Cuando estudiaba la carrera, era una ávida lectora de periódicos. Mi economía estudiantil no me permitía una compra diaria, pero tenía una profesora que me los traía y, además, anotados. Leía la prensa pero también sus comentarios. Los leía de todas las ideologías: ABC, El País, La Vanguardia, La Voz de Galicia, El Mundo, La Razón… Leía las mismas ediciones en las diferentes cabeceras y me hacía una idea de la situación leyendo en “entrelíneas”. Creo que aprendí más en aquellas lecturas anotadas que en muchas de las asignaturas de la carrera. Bueno, no lo creo, estoy convencida.
Ya por aquella época hacía prácticas en redacciones y en ellas también me empapaba de esos periódicos en papel como periodista de las “románticas”, que era de las que yo era. Pero pronto, muchos de esos periódicos en papel empezaron a desaparecer: a desaparecer de la universidad, de las redacciones, de los transportes, de las calles. En esos años posteriores viví la despedida de una rotativa y la puesta en marcha de dos digitalizaciones de medios. La ventana que se abría con la era digital decía adiós al romanticismo, pero también decía hola a nuevas posibilidades, como la de reinventarnos, que se convirtió desde ese momento en una constante en mi vida profesional.

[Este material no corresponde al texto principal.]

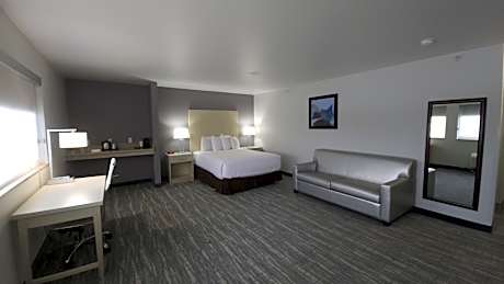 Located 8 miles away from Salt Lake City International Airport, this hotel features an indoor pool and hot tub. It serves a daily continental breakfast. All guest rooms offer free Wi-Fi. A flat-screen cable TV is offered in each air-conditioned guest room at West Valley Inn. All rooms include a coffee machine, ironing facilities and a hairdryer. Guests of Salt Lake City West West Valley Inn are greeted by a 24-hour reception. Guests have access to the fitness center. For convenience, a business center and a guest launderette are available. Clark Planetarium is 9 miles away from this hotel. The Utah State Capitol Building is 18 minutes’ drive away.
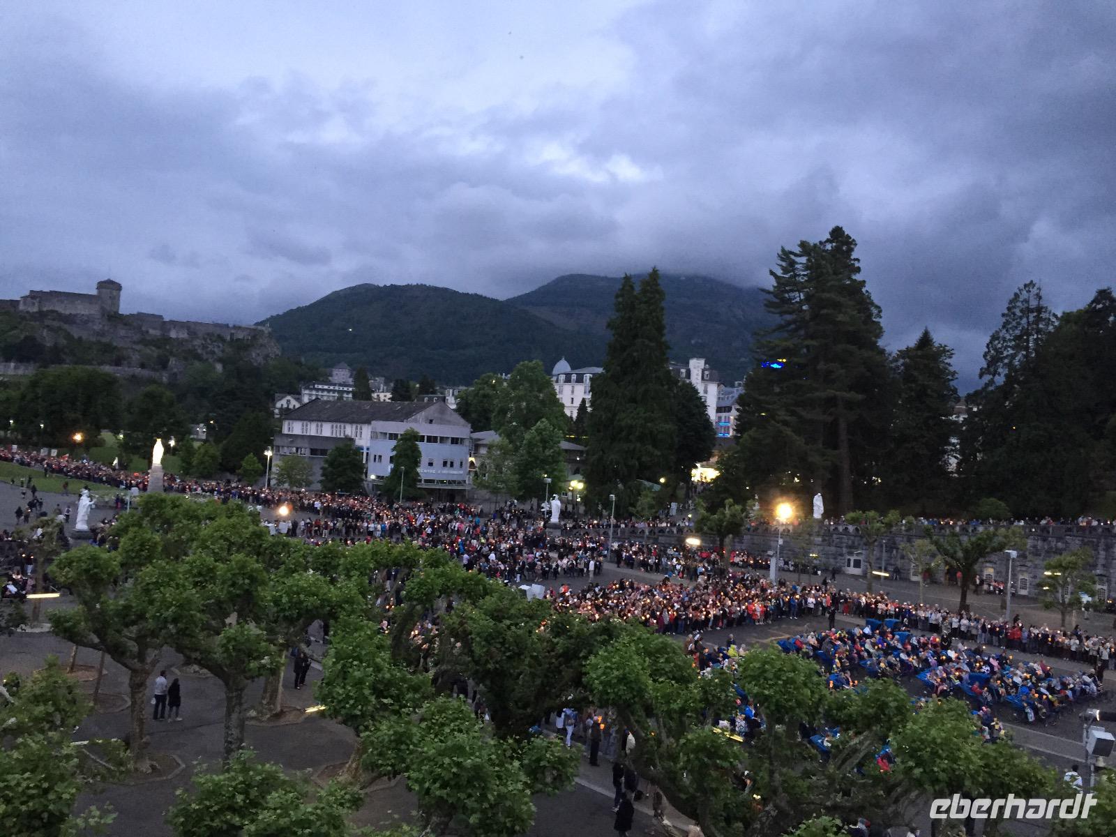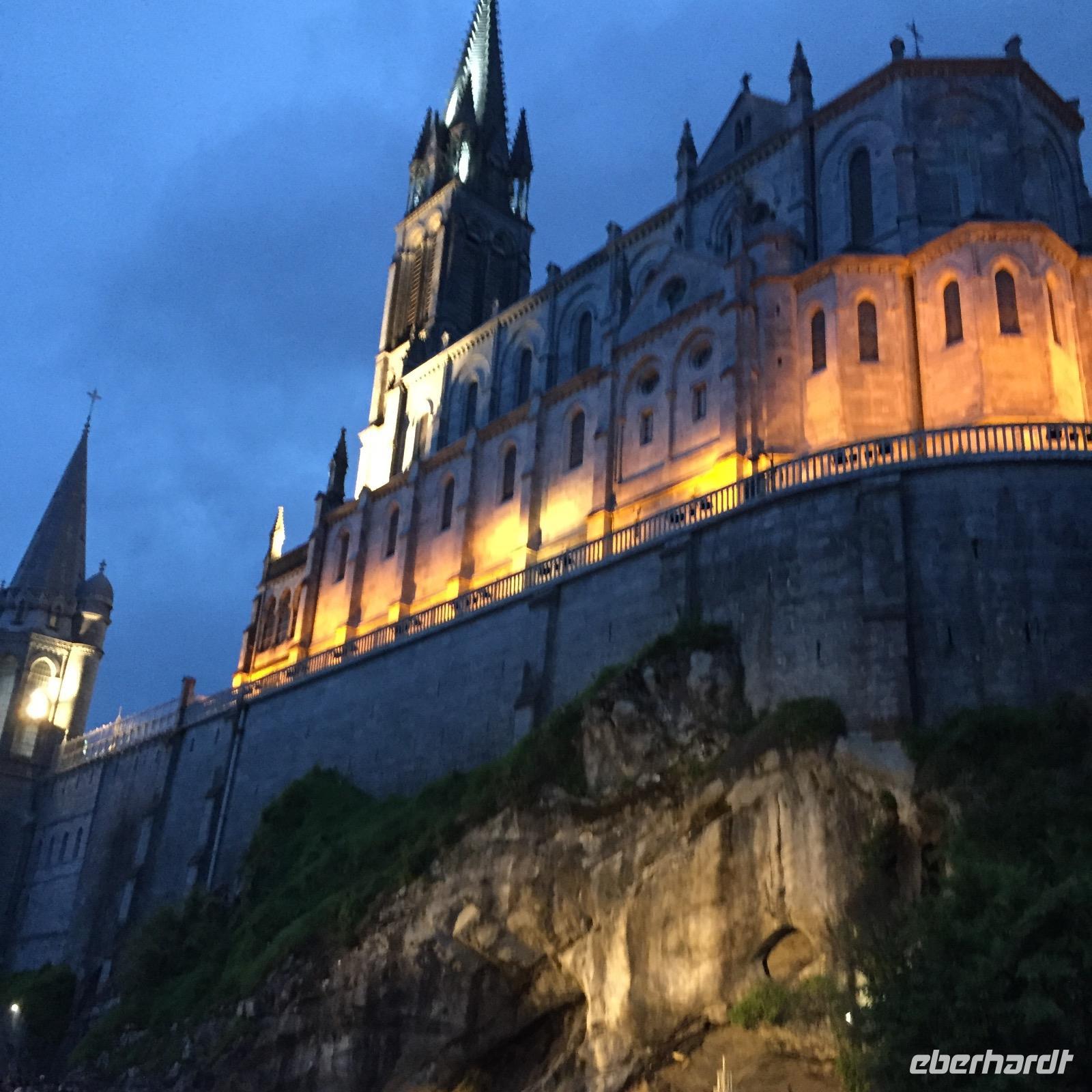 Das letzte Ziel des Tages wartete bereits: Lourdes. Seit im Jahr 1858 dem 14-jährigen Mädchen Bernadette Soubirous in der Grotte von Massabielle mehrmals die Mutter Gottes erschienen ist, entwickelte sich dieser Ort, zum grössten christlichen Wallfahrtsort. Es kam zu ersten unerklärlichen Heilungen und 1862 wurde die Glaubwürdigkeit kirchlich anerkannt. Seitdem pilgern Menschen zu dem kleinen Ort im Süden Frankreichs, derzeit jedes Jahr rund 6 Millionen, in der Hoffnung, auf Heilung oder Erlösung. Nach dem Abendessen unternahmen wir noch einen Rundgang zum "Santuario de Lourdes", einem Gebäudekomplex im heiligen Bezirk, welcher zwei bzw. drei Kirchen miteinander auf fantastische architektonische Weise vereint. Die obere, im neogotischen Stil gebaute "Maria Empfängnis Basilika" liegt westlich der Rosenkranz-Basilika, einer Basilika minor im neobyzantinischem Stil. Ihr Hauptschiff ist von 15 kleinen Kapellen umgeben und jede dieser Kapellen symbolisiert ein Mysterium des Rosenkranzgebetes. Und darunter befindet sich die Krypta. Vor diesen Basiliken treffen sich jeden Tag tausende Menschen, um an der Lichterprozession teilzunehmen. Als wir hier waren - zu Pfingsten, dem Feiertag des Herabkommens des Heiligen Geistes auf die Apostel - verfolgten noch mehr Menschen als sonst die internationale Messe, rings um uns herum ein Sprachengewirr aus der ganzen Welt. Den Weg ins Hotel trat ein jeder allein oder in einer kleinen Gruppe an, jeder in Gedanken versunken, aufgewühlt, distanziert, beeindruckt ... Lourdes polarisiert, aber bleibt in Erinnerung.

A lo tonto, ya hace más de una década de esos años de ávida lectora de periódicos por los pasillos de la facultad de Periodismo. Unos años en los que he vivido una relación de amor-odio con el Periodismo, con los periódicos, en papel y en digital. Años en los que he pisado unas cuantas redacciones, y he llorado y he dormido en ellas. Y he sufrido, y he amado. Y he conocido a compañeros y compañeras fascinantes. Unas redacciones en las que, sobre todo, claro está, he escrito. Hace unos días leía al director de El Diario, uno de mis medios de cabecera, temiendo la nueva crisis del periodismo tras el desplome publicitario derivado de la crisis económica derivada a su vez de la crisis sanitaria del coronavirus. Una caída de fichas en toda regla. Y otra crisis. Creo que en el periodismo no hemos salido de una cuando ya estamos en otra.
Cubro esta crisis desde casa para un periódico online local, lo que me obliga a estar constantemente pendiente de la actualidad informativa, a no desconectar. Una de las cosas que más me desanimó de esta profesión fueron las mentiras. Esas que ya entreveía en mis lecturas entrelíneas en la Universidad. Esas a las que tuve que enfrentarme en muchas redacciones. Durante esta crisis nos llegan constantemente mensajes de los gabinetes de prensa de los respectivos gobiernos pidiéndonos que, por favor, ayudemos en la lucha no contra el virus, sino en la lucha contra la desinformación, contra los bulos. Esta siendo una de las crisis con una mayor propagación de bulos y mentiras. ¿Y por qué la gente se empaña en contar mentiras?, me preguntaban el otro día.
¿Por qué los propios medios son tantas veces los que potencian esas mentiras? Creo que a esas preguntas hubiera contestado mejor cuando era esa joven estudiante de periodismo, llena de entusiasmo y de amor al oficio. Pero este oficio, esas redacciones, desgasta hasta al más romántico espíritu. Esa relación tan estrecha que existe entre periodismo y política, y entre política y vida. Quizás de eso es de lo que no nos habíamos dado cuenta, de que la política no es eso ajeno a nosotros, esa cosa de políticos… Sino que la política es precisamente nuestra cotidianidad, nuestra decisión diaria.
Hace unos días intentaba reflejar que, a mi parecer, no es momento de reproches y de buscar culpables a esta crisis; no es momento de ‘caceroladas’ ni de denuncias a los que ostentan mandos, sino que más bien es momento de refugiarse, de mirar hacia adentro, de estar unidos. De olvidarnos por una vez de colores y banderas y remar en la misma dirección, hacia el mismo horizonte. Momento de utopías… O quizás , no sé, es que me quedé algo de romántica, de periodista romántica, de aquella estudiante que devoraba periódicos en la facultad.